A Matter of Profit
- Author: Hilari Bell
- Cover artist: David LaFleur
- Language: English
- Genre: science fiction
- Publisher: HarperCollins
- Publication date: September 1, 2001
- Pages: 288
- ISBN: 978-0-06-029513-4
- OCLC: 45418924
- LC Class: PZ7.B38894 Mat 2001

= A Matter of Profit =

2001 novel by Hilari Bell

A Matter of Profit is a science fiction novel written by Hilari Bell published in 2001.

==Plot summary==
Ahvren's people, the Vivitare, have conquered the T'Chin confederacy. After spending two years fighting a brutal war on another world, Ahvren welcomes peace. However, he is suspicious of his people's easy victory, wondering why the T'Chin surrendered.

It is rumored that the Vivitare emperor is in danger of being assassinated and Ahvren offers to uncover the plot, in return for the freedom to choose his own path.
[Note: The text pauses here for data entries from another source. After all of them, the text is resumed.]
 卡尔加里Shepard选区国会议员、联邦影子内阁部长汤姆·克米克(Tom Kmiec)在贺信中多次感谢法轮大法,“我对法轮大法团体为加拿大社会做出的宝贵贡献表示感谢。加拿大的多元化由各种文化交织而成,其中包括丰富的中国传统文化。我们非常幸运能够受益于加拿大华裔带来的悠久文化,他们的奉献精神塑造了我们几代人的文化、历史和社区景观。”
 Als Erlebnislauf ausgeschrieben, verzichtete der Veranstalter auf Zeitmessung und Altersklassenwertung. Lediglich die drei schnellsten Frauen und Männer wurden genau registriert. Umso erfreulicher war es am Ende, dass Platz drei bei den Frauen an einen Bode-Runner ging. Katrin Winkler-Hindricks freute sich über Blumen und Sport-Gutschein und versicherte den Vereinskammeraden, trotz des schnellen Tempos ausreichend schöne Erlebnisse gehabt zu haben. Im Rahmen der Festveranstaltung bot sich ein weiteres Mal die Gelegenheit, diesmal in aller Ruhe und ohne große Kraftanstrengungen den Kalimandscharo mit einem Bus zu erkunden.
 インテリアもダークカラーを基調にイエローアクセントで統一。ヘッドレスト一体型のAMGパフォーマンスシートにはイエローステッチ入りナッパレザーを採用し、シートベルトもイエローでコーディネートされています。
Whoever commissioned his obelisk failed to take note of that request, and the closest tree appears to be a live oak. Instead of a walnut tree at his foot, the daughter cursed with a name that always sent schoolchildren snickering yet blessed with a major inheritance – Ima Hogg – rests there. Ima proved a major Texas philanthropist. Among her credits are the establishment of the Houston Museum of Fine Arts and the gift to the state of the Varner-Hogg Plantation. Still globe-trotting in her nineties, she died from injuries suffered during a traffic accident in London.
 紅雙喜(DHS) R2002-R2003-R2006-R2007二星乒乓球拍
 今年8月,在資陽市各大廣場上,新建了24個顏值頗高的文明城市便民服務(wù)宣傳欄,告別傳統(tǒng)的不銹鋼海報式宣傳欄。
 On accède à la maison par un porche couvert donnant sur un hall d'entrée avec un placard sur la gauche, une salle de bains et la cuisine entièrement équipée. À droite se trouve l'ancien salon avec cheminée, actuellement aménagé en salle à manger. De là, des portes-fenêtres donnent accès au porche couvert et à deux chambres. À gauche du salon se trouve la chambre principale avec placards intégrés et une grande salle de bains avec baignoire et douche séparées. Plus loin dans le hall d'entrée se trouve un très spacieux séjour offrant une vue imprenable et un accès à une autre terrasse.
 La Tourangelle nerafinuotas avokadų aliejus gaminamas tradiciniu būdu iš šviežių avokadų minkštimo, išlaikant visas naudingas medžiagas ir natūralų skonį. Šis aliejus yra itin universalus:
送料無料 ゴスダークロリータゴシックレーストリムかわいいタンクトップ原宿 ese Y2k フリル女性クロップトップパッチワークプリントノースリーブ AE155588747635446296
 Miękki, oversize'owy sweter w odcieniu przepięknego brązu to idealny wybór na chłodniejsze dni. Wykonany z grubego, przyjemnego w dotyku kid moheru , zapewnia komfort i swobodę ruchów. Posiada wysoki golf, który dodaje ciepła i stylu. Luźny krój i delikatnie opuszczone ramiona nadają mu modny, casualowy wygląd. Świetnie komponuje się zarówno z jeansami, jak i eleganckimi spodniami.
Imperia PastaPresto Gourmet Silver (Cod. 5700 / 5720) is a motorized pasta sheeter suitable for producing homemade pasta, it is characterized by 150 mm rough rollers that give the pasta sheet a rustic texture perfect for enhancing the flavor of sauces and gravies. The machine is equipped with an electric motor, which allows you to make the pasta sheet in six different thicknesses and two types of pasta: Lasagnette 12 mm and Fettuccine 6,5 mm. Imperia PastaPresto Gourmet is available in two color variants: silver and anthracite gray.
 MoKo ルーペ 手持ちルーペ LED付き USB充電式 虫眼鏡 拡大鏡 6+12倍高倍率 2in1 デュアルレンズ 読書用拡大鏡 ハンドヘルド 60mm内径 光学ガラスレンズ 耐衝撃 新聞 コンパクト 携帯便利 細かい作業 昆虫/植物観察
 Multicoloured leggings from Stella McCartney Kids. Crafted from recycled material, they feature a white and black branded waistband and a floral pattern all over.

To do it, he must understand what motivates the T'Chin.

==Reception==
Mara Albert in a review for School Library Journal said that "this is well-written, thought-provoking, and exciting science fiction. It's got cool weapons and weird aliens, but it's also got some meat to it. Fans of Star Wars and Star Trek will find it just to their taste." Anita Berkam in her review for The Horn Book Magazine said that "the mystery moves at a cracking pace with plenty of action, and Bell creates several alien races with unique characteristics and philosophies, notably the Vivitare survival philosophy and the T'Chin perspective on life as a cosmic game of profit Both the bibliogoth's wise mentorship and Ahvren's gradual and believable conversion to the T'Chin way of thinking are distinctively and engagingly handled. For its winning characterization, suspenseful covert action at the climax, and intriguing conclusion, this entry in the science-fiction/ mystery genre will convert plenty of fans."